Just for some datapoints, take a look at this article, which discusses actual tempo measurements as recorded by a musician in the year 1800 using a pendulum device (before the metronome was invented). He was literally recording, for example, the tempo of how some of Haydn's pieces were performed within Haydn's lifetime.

Anyhow, the appendices in that article give a sense of how wide-ranging the interpretation of Italian markings was back then. Different pieces marked with the same tempo marking were apparently performed with tempos that could vary by a factor of two or more. Appendix 1 offers different pieces with recorded tempos that fell into these wide ranges. (I just give a selection to accord with the tempos discussed in the question.)

Using eighth note as beat:

  • Largo - 60-119 bpm
  • Larghetto - 95-153 bpm
  • Adagio - 64-125 bpm
  • Andante - 72-153 bpm
  • Lento - 69-153 bpm
  • Andante - 72-153 bpm

Using quarter note as beat:

  • Allegro - 91-153 bpm
  • Vivace - 88-168 bpm

Using half note (or dotted quarter) as beat:

  • Presto - 82-108 bpm
  • Prestissimo - 77-168 bpm

Granted, these tempos were recorded by one musician estimating how certain pieces were performed, but they give insight into the arbitrary attempts to try to shoehorn Italian markings into metronome ranges. Obviously things like time signature, beat groupings, and rhythmic "feel" of a piece frequently will mean that a piece with a particular Italian marking might be outside of the range any standard metronome prescribes.

The takeaway here is that while there was a general sense that certain Italian markings were relatively "slow" and others relatively "fast," there was a huge range for most of them and significant overlap, rather than the nice delineated scale most metronomes present, dividing each marking up into tidy numerical ranges.

I cited that particular article for another reason: it also produces in its Figure 1 (pp. 38-39) a scale from a "Modern Metronome," cited to have been manufactured around 1975 by Seth Thomas, which corresponds pretty much exactly to the scale in the image cited in the question. Indeed, while I'm not sure of the manufacturer of the historical metronome discussed in the question, the scale is the same one used by the French manufacturer Paquet and the American manufacturer Seth Thomas (which imitated Paquet in its "Maelzel Metronome" models).

Note that Seth Thomas was producing metronomes with this scale into the 1980s (here's an example of an electronic Seth Thomas metronome with this scale currently on sale on eBay), so we can't be sure the metronome discussed in the question was from Beethoven's time. It's likely a bit later (late 19th or early 20th century), when this scale was somewhat standard on Paquet and Seth Thomas models.

The Seth Thomas scale was notably faster in its tempo markings than the Wittmer metronome scale, which came to dominate metronomes in the past generation or two after many other metronome makers left the market. The Wittmer metronome scale is probably what most people today think of when they see Italian markings on a metronome, which is why I assume the question thinks the linked metronome's markings seem "too fast." It seems the Wittmer scale (or something close to it) is often assumed in many apps and electronic metronomes today.
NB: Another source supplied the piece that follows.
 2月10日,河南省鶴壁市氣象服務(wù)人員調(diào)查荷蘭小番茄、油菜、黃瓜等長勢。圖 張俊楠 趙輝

Anyhow, my broader point is that these supposed conversions are really nothing of the sort, just approximations created by metronome manufacturers, probably based on no standards or research. Also, it's not clear that all metronome scales were meant to apply to the same note value: for example, the Seth Thomas scale might make more sense when sometimes applied to shorter note values, but obviously that wouldn't necessarily apply to all tempos.

As seen in the article cited above with its data from 1800, Italian markings had great overlap in their actual performance tempo ranges, so the metronome manufacturers had to create artificial ranges and distinctions among them. Although I've never really looked at this in depth, I'd guess that by the late 1800s, composers began to correlate their tempo markings on newly written pieces to the (originally somewhat arbitrary) scales of the metronomes with their imprecise adherence to Italian marking norms. But when one examines actual evidence from composers and performers who noted bpm markings in the late 1700s and early 1800s, these numbers were all over the map.
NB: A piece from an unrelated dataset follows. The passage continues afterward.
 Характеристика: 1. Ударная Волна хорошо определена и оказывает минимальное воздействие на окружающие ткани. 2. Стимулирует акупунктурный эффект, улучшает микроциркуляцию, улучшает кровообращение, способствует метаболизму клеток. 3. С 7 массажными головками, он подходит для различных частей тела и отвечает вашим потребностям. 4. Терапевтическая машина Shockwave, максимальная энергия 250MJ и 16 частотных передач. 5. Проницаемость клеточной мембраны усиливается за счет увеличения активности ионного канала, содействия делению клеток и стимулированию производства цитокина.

Bottom line is that the bpm range = Italian marking concept was essentially invented by metronome makers and was never very precise. The reason this metronome seems "fast" is because it was likely made by a different manufacturer than the ones commonly produced today, not necessarily because it's significantly older. (Wittmer's metronome scale dates, I believe, to the late 1800s when it began manufacturing them, roughly the same time Seth Thomas starting making metronomes. So it's not like one scale is really "older" than the other in a substantial way.)